Work instruction: Copy the lines below exactly, starting with the first and finishing with the one holding "声纹不如图像那样直观展现,在"; do not copy the pictures.

Raw data:
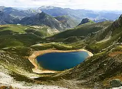 Lago del Ausente also has its own legend, which is about an old Avara woman who lived in a village nestled among rocks. Because of her selfishness, the inhabitants of the village abandoned it, leaving the old woman there alone. One day, a snowstorm surprised her and, without her being able to flee, the village was buried. It is said that on winter nights you can still hear the cries of the old woman who will live forever at the bottom of the Ausente Lake.[24]
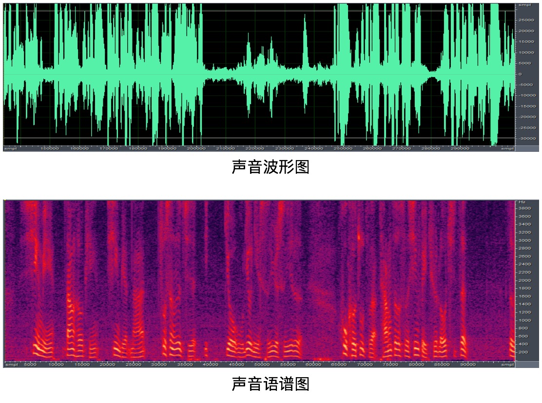 声纹不如图像那样直观展现,在实际分析中,可通过波形图和语谱图进行展现,如下所示:
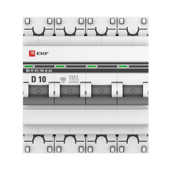 Автоматический выключатель 4P 10А (D) 4,5kA ВА 47-63 EKF PROxima
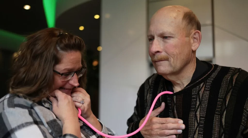 Un conmocionarte encuentro tuvo lugar en Chicago, Estados Unidos. La imagen muestra a Amber Morgan, una mujer de Indiana, que escucha el latido del corazón de su difunta hija en el pecho de Tom Johnson, de Illinois, que lo recibió gracias a un trasplante.

Your response:
 Lago del Ausente also has its own legend, which is about an old Avara woman who lived in a village nestled among rocks. Because of her selfishness, the inhabitants of the village abandoned it, leaving the old woman there alone. One day, a snowstorm surprised her and, without her being able to flee, the village was buried. It is said that on winter nights you can still hear the cries of the old woman who will live forever at the bottom of the Ausente Lake.[24]
 声纹不如图像那样直观展现,在实际分析中,可通过波形图和语谱图进行展现,如下所示:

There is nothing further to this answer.